Practical Data Mining with Python - DZone Refcardz (2)

Looking at the histograms above we can understand some characteristics that could help us to tell apart the data according to the classes we have. For example, we can observe that, on average, the Iris setosa flowers have a smaller sepal length compared to the Iris virginica.

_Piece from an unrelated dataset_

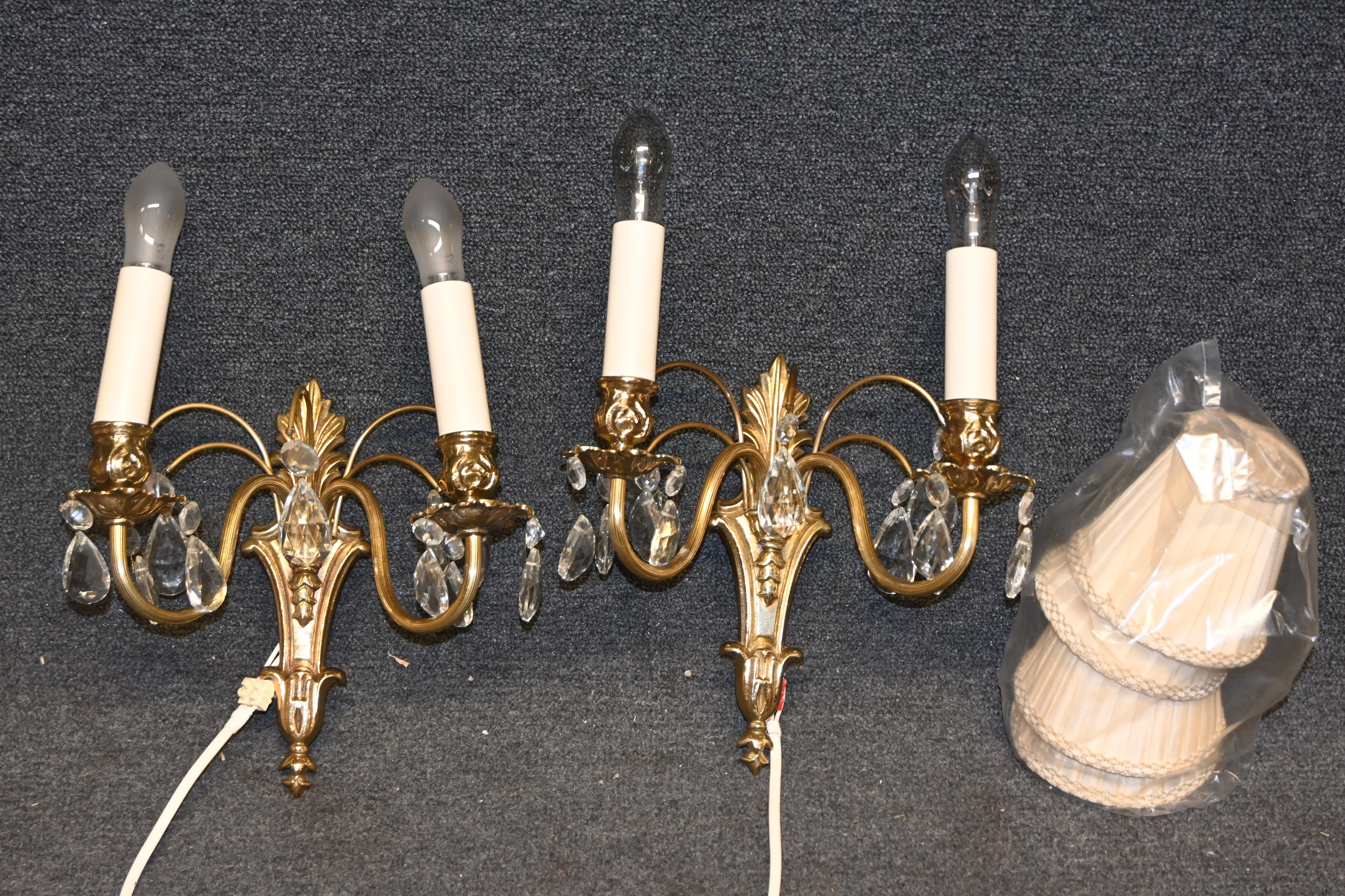 522. Vägglampetter 1par förgylld metall H.34cm

Practical Data Mining with Python - DZone Refcardz (2024)
Top Articles
AUTHENTICATION OF RESULT IN NIGERIA
Smart TVs: Everything You Need to Know
English Bulldog Puppies For Sale Under 1000 In Florida
Katie Pavlich Bikini Photos
Gamevault Agent
Pieology Nutrition Calculator Mobile
Hocus Pocus Showtimes Near Harkins Theatres Yuma Palms 14
Hendersonville (Tennessee) – Travel guide at Wikivoyage
Doby's Funeral Home Obituaries
Compare the Samsung Galaxy S24 - 256GB - Cobalt Violet vs Apple iPhone 16 Pro - 128GB - Desert Titanium | AT&T
Vardis Olive Garden (Georgioupolis, Kreta) ✈️ inkl. Flug buchen
Things To Do In Atlanta Tomorrow Night
Non Sequitur
Crossword Nexus Solver
How To Cut Eelgrass Grounded
Pac Man Deviantart
Alexander Funeral Home Gallatin Obituaries
Craigslist In Flagstaff
Shasta County Most Wanted 2022
Energy Healing Conference Utah
Testberichte zu E-Bikes & Fahrrädern von PROPHETE.
Aaa Saugus Ma Appointment
Geometry Review Quiz 5 Answer Key
Icivics The Electoral Process Answer Key
Allybearloves
Bible Gateway passage: Revelation 3 - New Living Translation
Yisd Home Access Center
Home
Shadbase Get Out Of Jail
Gina Wilson Angle Addition Postulate
Celina Powell Lil Meech Video: A Controversial Encounter Shakes Social Media - Video Reddit Trend
Walmart Pharmacy Near Me Open
Marquette Gas Prices
A Christmas Horse - Alison Senxation
Ou Football Brainiacs
Access a Shared Resource | Computing for Arts + Sciences
Vera Bradley Factory Outlet Sunbury Products
Pixel Combat Unblocked
Cvs Sport Physicals
Mercedes W204 Belt Diagram
'Conan Exiles' 3.0 Guide: How To Unlock Spells And Sorcery
Teenbeautyfitness
Where Can I Cash A Huntington National Bank Check
Topos De Bolos Engraçados
Sand Castle Parents Guide
Gregory (Five Nights at Freddy's)
Grand Valley State University Library Hours
Holzer Athena Portal
Hello – Cornerstone Chapel
Stoughton Commuter Rail Schedule
Selly Medaline
Latest Posts
Article information

Author: Melvina Ondricka

Last Updated:

Views: 6584

Rating: 4.8 / 5 (68 voted)

Reviews: 83% of readers found this page helpful

Author information

Name: Melvina Ondricka

Birthday: 2000-12-23

Address: Suite 382 139 Shaniqua Locks, Paulaborough, UT 90498

Phone: +636383657021

Job: Dynamic Government Specialist

Hobby: Kite flying, Watching movies, Knitting, Model building, Reading, Wood carving, Paintball

Introduction: My name is Melvina Ondricka, I am a helpful, fancy, friendly, innocent, outstanding, courageous, thoughtful person who loves writing and wants to share my knowledge and understanding with you.